ISO27001 ISMS internal Audits

[magic-k]

I have a few questions about Ciso Assistant in an 27001 ISMS

1. If i do internal audits and i find a NC or OFI, i would like to link a finding/follow up to this audit, so i can track the remediation. But as far as i see i can't link a finding to a specific audit or vice versa.
2. We span internal audits over a time frame of 3 years where we try to cover every control at least once. To do this we do partial audits (only a group of controls with a certain division e.g. all controls about employees concerning HR)
   The Audit module seems to only know complete audits covering all controls.

How is everyone, who needs 27001 compliance, is using Ciso Assistant for daily work? Risk Assessment, BIA etc. work great but i feel that my work flow is not compatible with Ciso Assistants audits.

[xcampax]

Hi @magic-k, here are my 2 cents on your questions/topics:

ad 1) I have tried two ways, and depending on your internal setup or requirements, both might be feasible.
Option A: The audit is conducted outside of CISO Assistant, and only the results, i.e., the findings per the audit report, are registered under Governance > Findings tracking. I am going this route for any penetration tests or other kind of audits that are conducted by external personnel; I have done this once for the official internal ISMS audit (norm chapters) as well.
Option B: Create and conduct the audit via Compliance > Audits. I am recording all other internal audits and SaaS evaluations this way, and now doing this for the ISMS audits as well.
Both options allow you to define an Applied Control for each finding, which again can be tracked for remediation.

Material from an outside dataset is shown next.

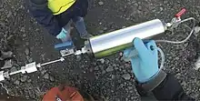Packers are also used in the continental subsurface,[34] along with devices such as the flow-through in situ reactor (FTISR). Various methods are used to extract fluids from these sites, including passive gas samplers, U-tube systems and osmotic gas samplers.[13] In narrow (less than 50 mm) holes, polyamide tubes with a back-pressure valve can be lowered to sample an entire column of fluid.[35][36]
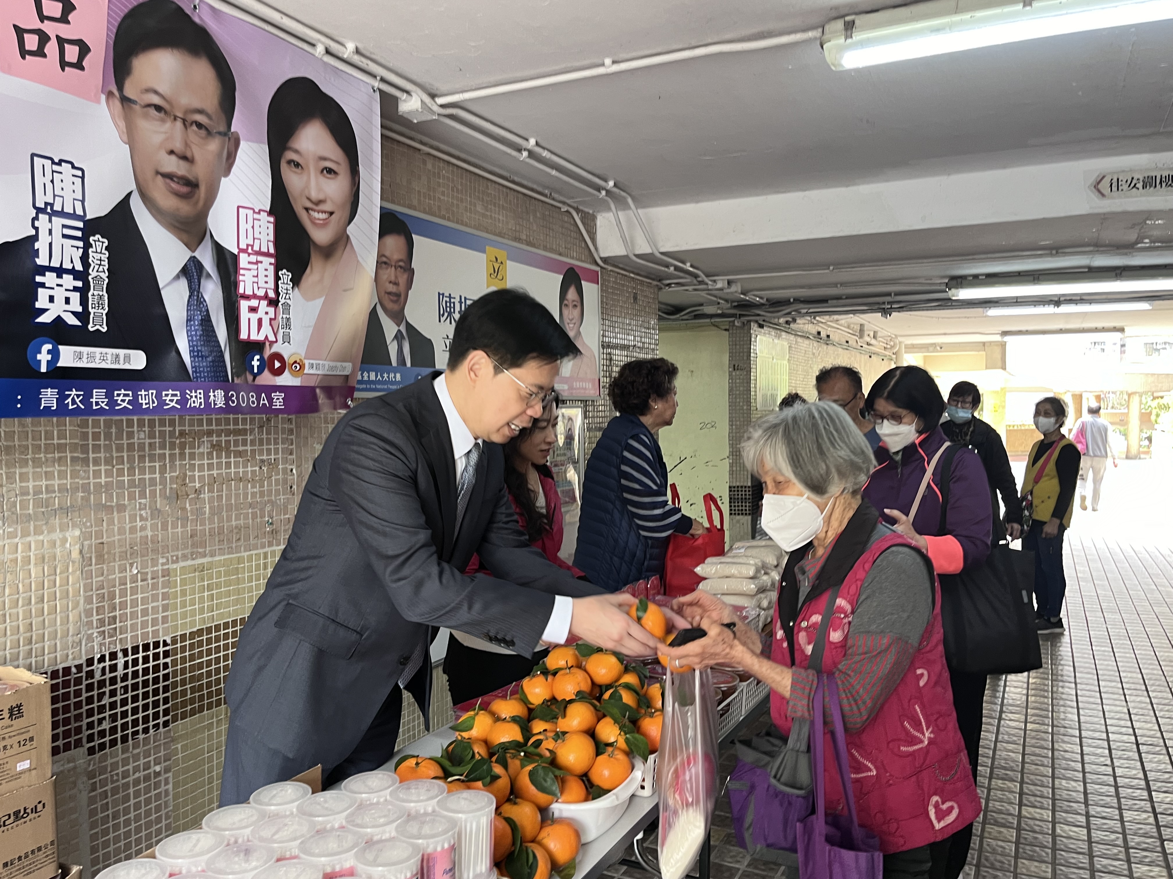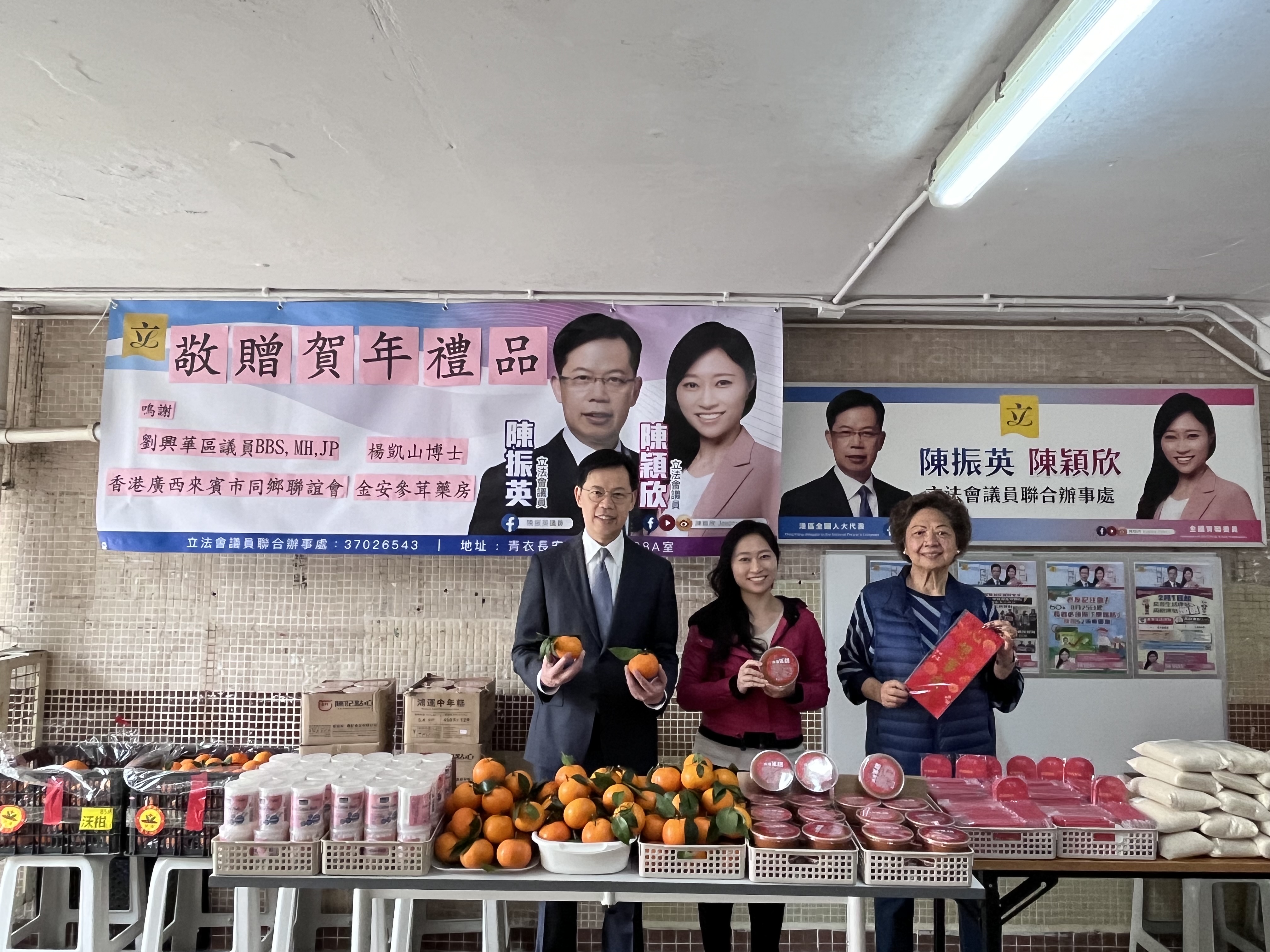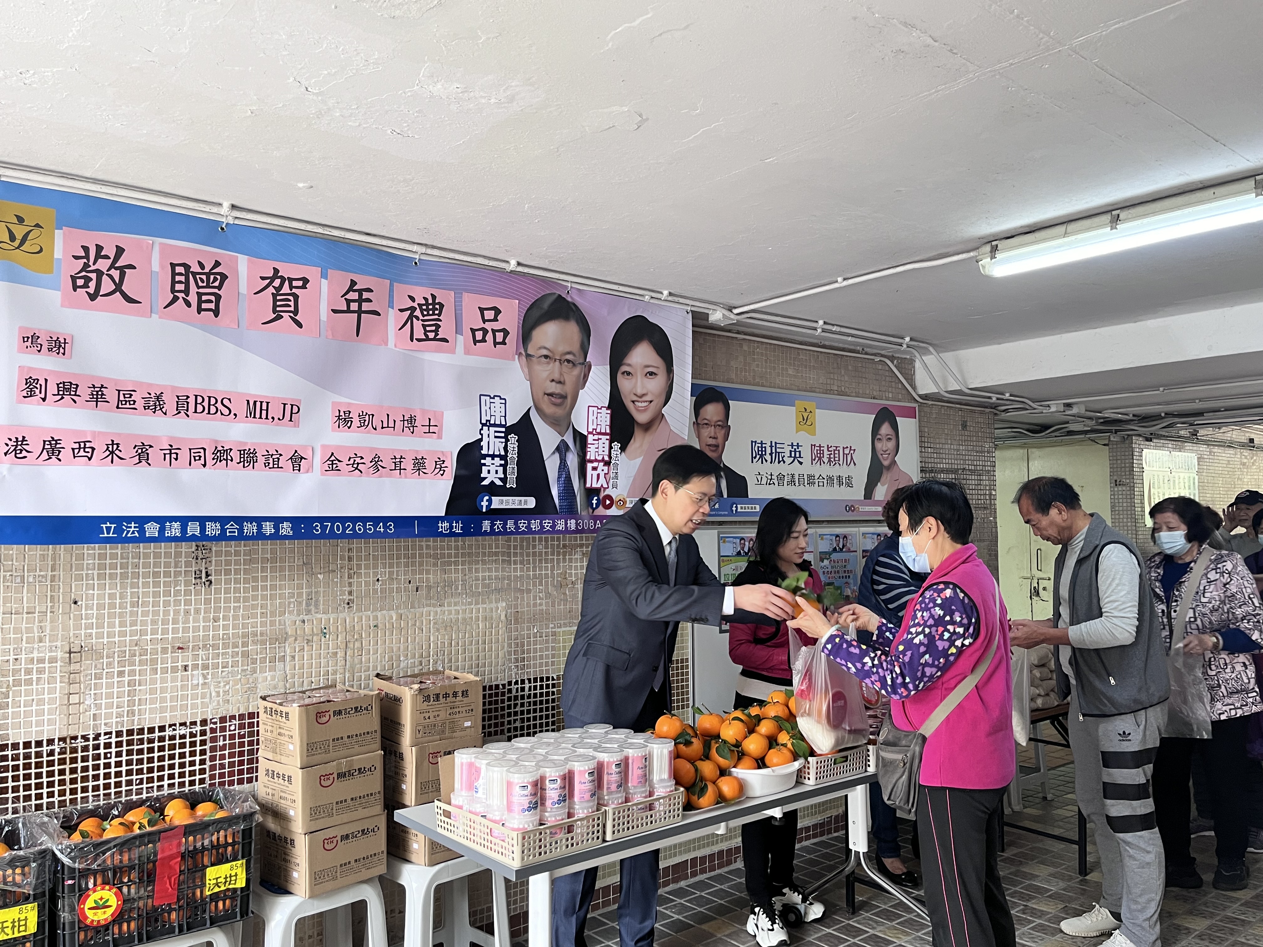 Distributing New Year gifts to residents at the Cheung On Estate District Office in Tsing Yi with Member Chan Wing-yan January 6, 2024 January 10, 2025

ad 2) Is your concern the "progress X%" indication on audits or the selection of controls? Regarding the first aspect, I also believe that the progress indicator should reflect the amount of controls looked at (todo vs. done) rather than the compliance state (not assessed vs. any of the other ones). IIRC there was some discussion on Discord or maybe even an issue ticket around this a while ago (I believe by someone other than you!?), but I am not sure what came from it - maybe @ab-smith knows? If your concern is rather the second aspect, yes, as long as you are not using a specifically crafted framework that allows for more granular assignment of controls into an audit, it's all or nothing. Personally, I am conducting audits by making use of the Operational capabilities per 27002, which I am using by ways of implementation groups in a modified framework.

I hope I understood your questions correctly, and I hope this helps :)

[magic-k]

regarding 1)
If i do the audit in ciso assistant. When i find a non conformity, i can't directly create a finding out of the audit or from an applied control. I have to create a findings tracking and then findings, link the to applied controls. That way i lose the connection to the audit where the finding came from.

regarding 2) I made a template with all controls as not applicable and mark the ones of the particular audit a as not assessed. I also started to play with the framework builder to add groups but i lose the mapping capability with that approach.

Thanks for your answers.

[xcampax]

Hi,

ad 1) Why do you want or feel you need to go through a dedicated finding? Why not conduct the audit in C.A., create an applied control on the non-conformity, and track this?

ad 2) Yeah, not assessed items reduce the "progress" value... As I said, I believe this should be changed to correctly reflect on the Todo vs. Done status. Personally, I created the modified ISO framework the old way, using the Excel file. I tried the framework builder out once when it was released but was not happy with it...

[magic-k]

Maybe i'm thinking wrong and maybe i'm trying to force my current process into CA and another aproach would work better. I try an example to make clearer what i'm actually talking about_

I'm conducting an internal audit of HR regarding the on-/offboarding process. I find an Employee who has no recorded background check. That's a nonconformity violating A6.1 screening (reference control) as well as our onboarding policy (applied control).
The finding would need actions:
a) HR needs to find out i only the documentation is not recorded properly or if the background check wasn't done
b) I need to find out if that's only a solitary problem or if there's an underlying process/communication/responsibilty problem

Currently the audit would have been documented in confluence and the findings would be tracked in youtrack. How would you do this in CA without losing the conncection between the findings, the applied controls and the source for all this, the audit.

[xcampax]

Hi again, I pondered over what you wrote for a few days, and I understand now what you are saying. What I can offer as input is that, by linking an applied control to the audit as well as to the subsequent finding, you can establish a connection. However, if you want to record a finding that does not directly relate to an applied control, then your connection would be lost (but shouldn't everything be related to a control???). And even though I have not been using this functionality yet, I think the "sync to actions" should come in handy here and automatically update the audit result with the status of an applied control - let's hope that this also considers the status of any related findings (I have not looked into this).